Mieux, il agace, donc il inquiète. Hier complice, Daniel Cohn-Bendit moque, chez le président du MoDem, une obsession présidentielle qui frise la révélation mariale. Hier bien décidé à l'ignorer, l'Elysée commence à s'énerver, le traitant de " populiste " (Xavier Bertrand), de " Le Pen light " (Nicolas Sarkozy par la voix d'Alain Minc), enfin de " menteur " (Claude Guéant).

Il est vrai que la pose est avantageuse : pour le bon peuple, David aura toujours raison contre Goliath et le rebelle contre le pouvoir. Succès d'estime ? Peut-être. Mais qui a un précédent, dont François Bayrou n'ignore, à l'évidence, aucun détail : celui de François Mitterrand. En 1964, celui-ci avait lancé son Coup d'Etat permanent, virulent pamphlet antigaulliste. Bayrou s'apprête à faire de même, cette semaine, avec son Abus de pouvoir, brûlot contre un président qui " conduit la France vers un modèle dont elle ne veut pas ". En 1965, à la faveur des impuissances et des divisions de la gauche - déjà -, Mitterrand s'était imposé, seul contre tous, comme le candidat capable de faire vaciller " le Général " à l'élection présidentielle. Bayrou a manqué réussir la même prouesse en 2007, mais il rêve de pouvoir dire, demain : " L'opposition, c'est moi ! ", face à " L'Etat c'est moi " sarkozyen. Plus réjouissant encore, et le député des Pyrénées-Atlantiques l'avait rappelé, en 2007 : après l'échec de la gauche en 1969, Mitterrand avait réussi une spectaculaire OPA sur le Parti socialiste à Epinay, au nom de la rupture avec le capitalisme. Pourquoi Bayrou, lui aussi venu de la droite et passé par le centre, ne fantasmerait-il pas scénario aussi rocambolesque ? Il en a déjà les accents, quand il envisage d'" imposer son projet humaniste en dépit du capitalisme, et s'il le faut contre lui " ou fustige " la frivolité de l'argent étalé ", comme en écho à " l'argent qui corrompt " de Mitterrand.

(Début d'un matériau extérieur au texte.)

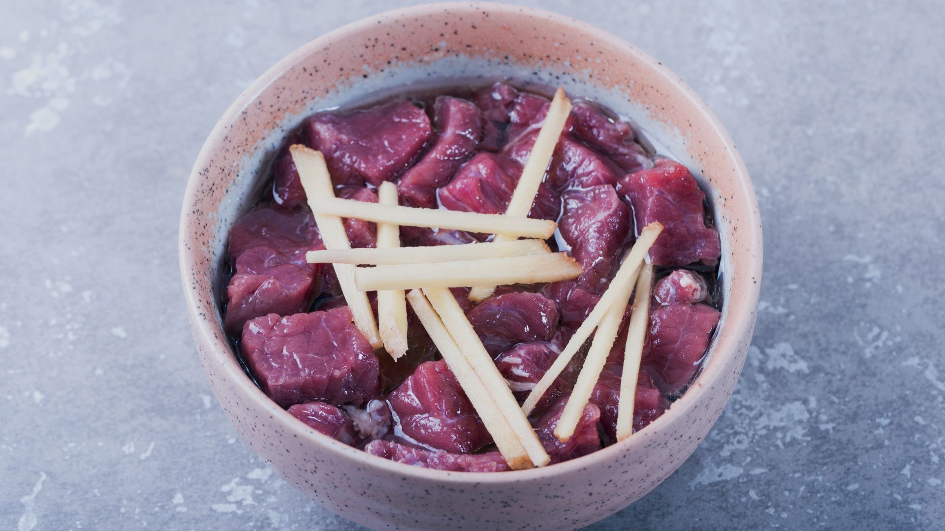牛肉装入容器加入油、料酒、姜、盐搅匀腌制。

Le mimétisme ne s'arrête pas là. L'un conversait avec les arbres, l'autre parle avec les chevaux. Le premier fut un " prince de l'ambiguïté ", le second n'est pas en reste. Comme son devancier, il pose au paysan, joue de ses racines provinciales - Béarn à la boutonnière -, se pique de littérature, distribue les aphorismes avec la componction d'un oracle, affiche le même goût du romanesque et fait de la présidentielle " le combat de sa vie ". Bref, Bayrou a enfilé les bottes de Mitterrand. Reste à prouver qu'il ne s'est pas trompé de pointure.